STEP 5: APPLYING DATA CLEANING PIPELINE
Original dataset: 2,900 rows, 8 columns
Original missing values: 458

Step 5.1: Removed 388 duplicate rows

Step 5.2: Cleaning categorical features...

Step 5.3: Validating behavioral feature ranges...
  Time_spent_Alone: Range [0.0, 11.0], Valid range: False, Out of range: 116
  Social_event_attendance: Range [0.0, 10.0], Valid range: True, Out of range: 0
  Going_outside: Range [0.0, 7.0], Valid range: True, Out of range: 0
  Friends_circle_size: Range [0.0, 15.0], Valid range: False, Out of range: 571
  Post_frequency: Range [0.0, 10.0], Valid range: True, Out of range: 0
  Time_spent_Alone: Capped 116 out-of-range values to [0, 10]
  Friends_circle_size: Capped 571 out-of-range values to [0, 10]
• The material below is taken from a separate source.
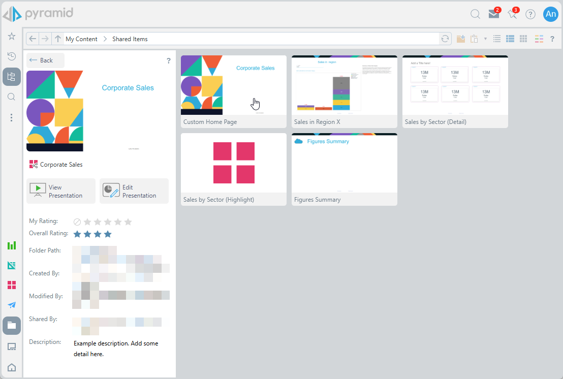 When opening presentations from the Content Manager, the default action is to open the presentation at runtime. This effectively opens the dashboard content in "show mode" for immediate viewing and consumption, rather than editing. You can configure the view function to either open the presentation directly on the first slide or let the user see a preview of all the slides first and allow them to pick their own starting point using the Presentation Launcher.

Step 5.5: Detecting outliers in behavioral features...
  Time_spent_Alone: 0 outliers (0.0%)
  Social_event_attendance: 0 outliers (0.0%)
  Going_outside: 0 outliers (0.0%)
  Friends_circle_size: 0 outliers (0.0%)
  Post_frequency: 0 outliers (0.0%)

## 6. Feature Engineering for Personality Classification


In [24]:
print("\n" + "="*60)
print("STEP 6: FEATURE ENGINEERING FOR PERSONALITY CLASSIFICATION")
print("="*60)

# Create engineered features based on personality psychology
print("Creating personality-specific engineered features...")

# 6.1: Social Activity Composite Score
if all(feature in df.columns for feature in ['Social_event_attendance', 'Going_outside', 'Post_frequency']):
    df['Social_Activity_Score'] = (df['Social_event_attendance'] + df['Going_outside'] + df['Post_frequency']) / 3
    print(f"✓ Social_Activity_Score: Average of social event attendance, going outside, and posting frequency")
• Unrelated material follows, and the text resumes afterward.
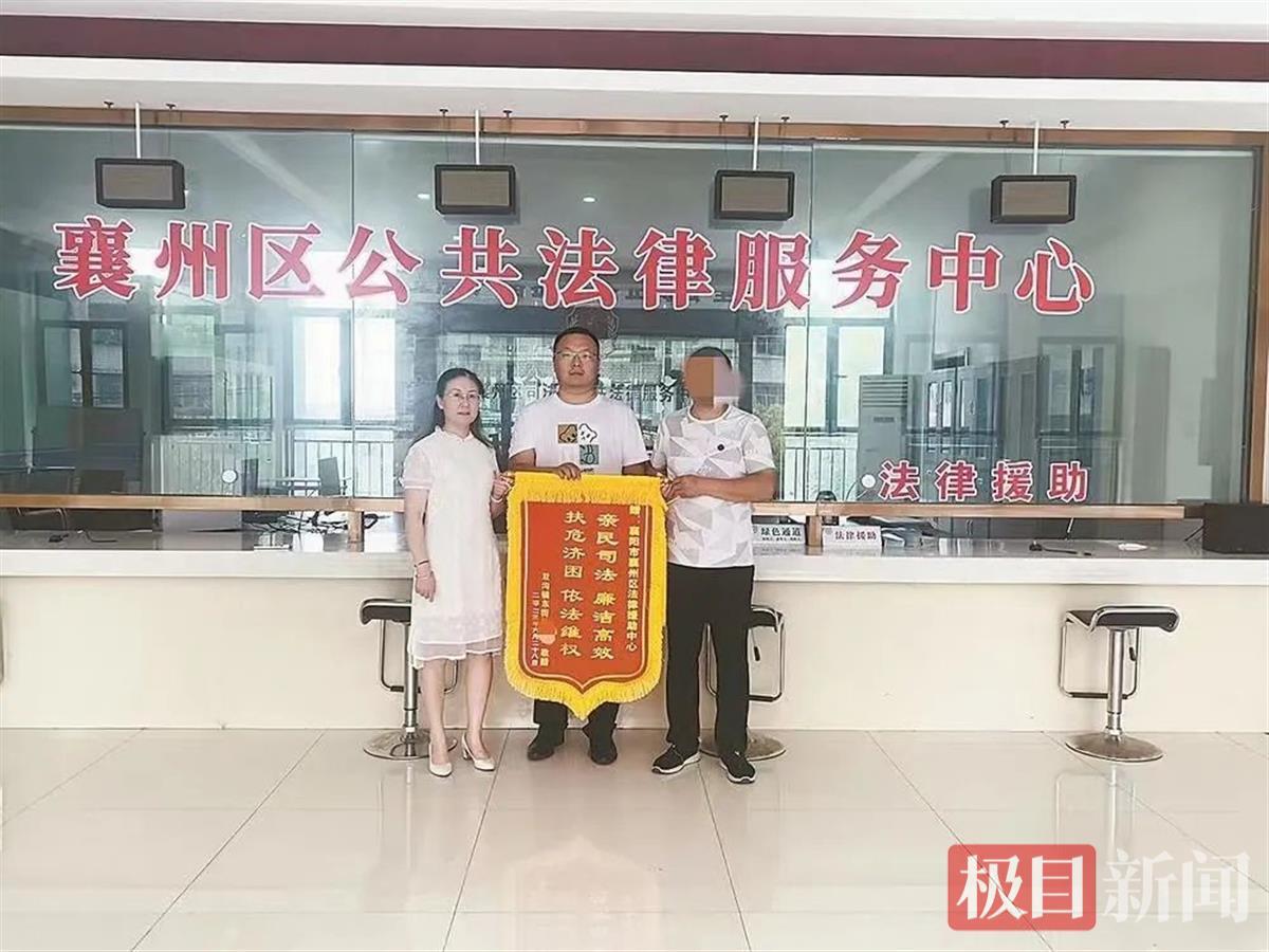 杜某(右)送锦旗感谢法援律师(图片来源:襄阳司法)

# 6.2: Introversion Tendency Score
if all(feature in df.columns for feature in ['Time_spent_Alone', 'Stage_fear', 'Drained_after_socializing']):
    # Convert categorical to numerical for calculation
    stage_fear_numeric = df['Stage_fear'].map({'Yes': 10, 'No': 0}) if 'Stage_fear' in df.columns else 0
    drained_numeric = df['Drained_after_socializing'].map({'Yes': 10, 'No': 0}) if 'Drained_after_socializing' in df.columns else 0
    
    df['Introversion_Score'] = (df['Time_spent_Alone'] + stage_fear_numeric + drained_numeric) / 3
    print(f"✓ Introversion_Score: Average of time alone, stage fear, and social draining")

# 6.3: Social Comfort Level
if 'Friends_circle_size' in df.columns and 'Stage_fear' in df.columns:
    stage_fear_inverted = df['Stage_fear'].map({'Yes': 0, 'No': 10})
    df['Social_Comfort'] = (df['Friends_circle_size'] + stage_fear_inverted) / 2
    print(f"✓ Social_Comfort: Combination of friend circle size and absence of stage fear")
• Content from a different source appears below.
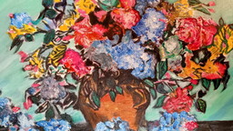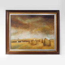 Groot olieverfschilderij van de Belgische kunstenaar Piet Van Den Buys, jaren 1950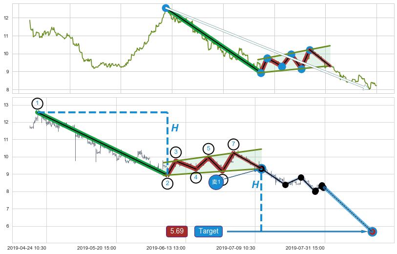 | 4 🅚:徐缓下降 ➕ 📐:升旗形下行突破支撑位破位, 猜想持续下沉下跌,被突破的支撑位已变为阻力位 ☞ 看空信号 ⇥ 【🅚线】交织【图形】⇥ 综合量化分数: 42 | > |

# 6.4: Digital vs Physical Social Engagement
if 'Post_frequency' in df.columns and 'Social_event_attendance' in df.columns:
    df['Digital_vs_Physical_Social'] = df['Post_frequency'] - df['Social_event_attendance']
    print(f"✓ Digital_vs_Physical_Social: Difference between online and offline social engagement")

# 6.5: Energy Drain from Social Interaction
if 'Drained_after_socializing' in df.columns and 'Social_event_attendance' in df.columns:
    drained_penalty = df['Drained_after_socializing'].map({'Yes': -5, 'No': 0})
    df['Social_Energy_Balance'] = df['Social_event_attendance'] + drained_penalty
    print(f"✓ Social_Energy_Balance: Social attendance adjusted for energy drain")

# 6.6: Binary feature encodings for modeling
binary_features_created = []

if 'Stage_fear' in df.columns:
    df['Has_Stage_Fear'] = (df['Stage_fear'] == 'Yes').astype(int)
    binary_features_created.append('Has_Stage_Fear')

if 'Drained_after_socializing' in df.columns:
    df['Gets_Drained_Socializing'] = (df['Drained_after_socializing'] == 'Yes').astype(int)
    binary_features_created.append('Gets_Drained_Socializing')

if target_column in df.columns:
    df['Is_Introvert'] = (df[target_column] == 'Introvert').astype(int)
    binary_features_created.append('Is_Introvert')

print(f"✓ Binary encodings: {', '.join(binary_features_created)}")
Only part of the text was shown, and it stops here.